Unlike the 10.1-inch model, which encourages usage in landscape mode (and has the home button orientation to prove it), the 8-inch version model feels more natural in portrait mode, and phone apps scale better as a result.
The Galaxy Tab 3 8.0 and 10.1 run Android 4.2.2 with a similar version of TouchWIZ to the Galaxy S4, but there are several features, like Air Gestures and Smart Pause, that are not available. Indeed, the simplification of TouchWIZ is actually welcome here, as there are few fewer performance quibbles to note, despite running slower hardware than the flagship smartphone.
All three tablets (and we’ll talk about the 7-inch model in a second) feel far more robust and well-made than their predecessors. Gone are the days are creaky, soft plastic. And though they all retain the same glossy coating as their phone equivalents, they tend to get less scuffed and sweaty.
The 7-inch version of the Galaxy Tab 3 is the least interesting of the bunch, and doesn’t hold a candle to the Nexus 7. It retains the poor 1024×600 resolution of its predecessor, and sports underpowered hardware that less complements than holds back its Android 4.1-based software. If $199 is an absolute limit, I’d recommend the upcoming Nexus 7; if you can stretch your budget to $299, definitely go for the Galaxy Tab 3 8.0.
The 10.1-inch version is also quite interesting.
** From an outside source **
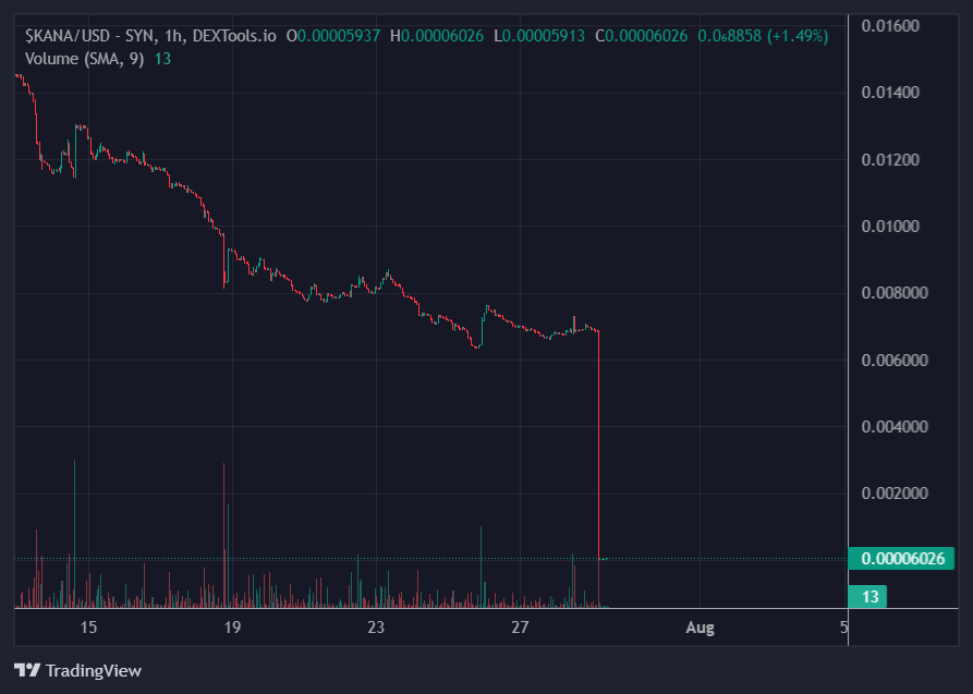 However, the audit failed to prevent Kannagi Finance from committing rug pull scams against its investors. According to Etherscan, the protocol drained the liquidity pools and transferred the funds to an unknown address. The KANA token price has lost 99% of its value, dropping from around $0.0070 to $0.000006026 at the time of this writing.

It runs a dual-core Intel chip, though you’d never be able to tell from an average usage session; it’s fast, fluid and highly optimized for TouchWIZ. The software itself, also based on Android 4.2.2, resembles more a smartphone UI than the previous generation of tabs: there is a drop-down notification bar, a customizable dock with an app drawer icon on the bottom, and the home/back/multitasking buttons have been moved from software to hardware. Like the other two models, the Tab 3 10.1 resembles an oversized Galaxy S4 smartphone.
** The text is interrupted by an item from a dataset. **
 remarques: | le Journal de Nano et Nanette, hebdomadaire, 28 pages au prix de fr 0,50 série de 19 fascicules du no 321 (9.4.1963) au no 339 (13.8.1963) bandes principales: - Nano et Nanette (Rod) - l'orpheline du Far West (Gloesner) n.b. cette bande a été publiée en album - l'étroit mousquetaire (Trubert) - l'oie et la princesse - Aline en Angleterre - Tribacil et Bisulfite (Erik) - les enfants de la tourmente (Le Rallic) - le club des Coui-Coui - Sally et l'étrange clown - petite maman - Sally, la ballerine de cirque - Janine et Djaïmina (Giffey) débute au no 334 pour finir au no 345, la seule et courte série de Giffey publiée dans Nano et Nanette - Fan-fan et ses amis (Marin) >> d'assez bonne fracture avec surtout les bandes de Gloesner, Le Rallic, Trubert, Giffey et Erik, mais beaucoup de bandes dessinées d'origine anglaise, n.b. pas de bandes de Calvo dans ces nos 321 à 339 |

It’s clear that Samsung is projecting these devices to the mid-range, undercutting Apple by a significant margin, especially in the larger sizes. The Galaxy Tab 8.0 bests the iPad mini in hardware specs, screen resolution and density, and comes close to it in terms of look and feel. It’s also $80 cheaper.
The 10.1-inch model is a harder sell. Though the device performs relatively well, its screen resolution of 1280×800 is comparatively low, and is grossly overshadowed by the iPad’s Retina display. The lack of fully-blown tablet apps also places the 10.1-inch model in poor stead, as the iPad boasts over 300,000 tablet-optimized apps.
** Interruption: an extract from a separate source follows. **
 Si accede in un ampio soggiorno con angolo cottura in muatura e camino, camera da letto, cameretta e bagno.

At least with the 7- and 8-inch versions, which will primarily be used in portrait mode, blown-up phone apps look pretty good. On the larger variant, especially when used in landscape mode, most Android apps fail to impress.
Samsung has packed a lot of value into its three new Tab devices, but the king of the crop is the Galaxy Tab 3 8.0, which, at $299, is a relative bargain and a great travel companion.
We’ll have full reviews of all these models in the coming weeks.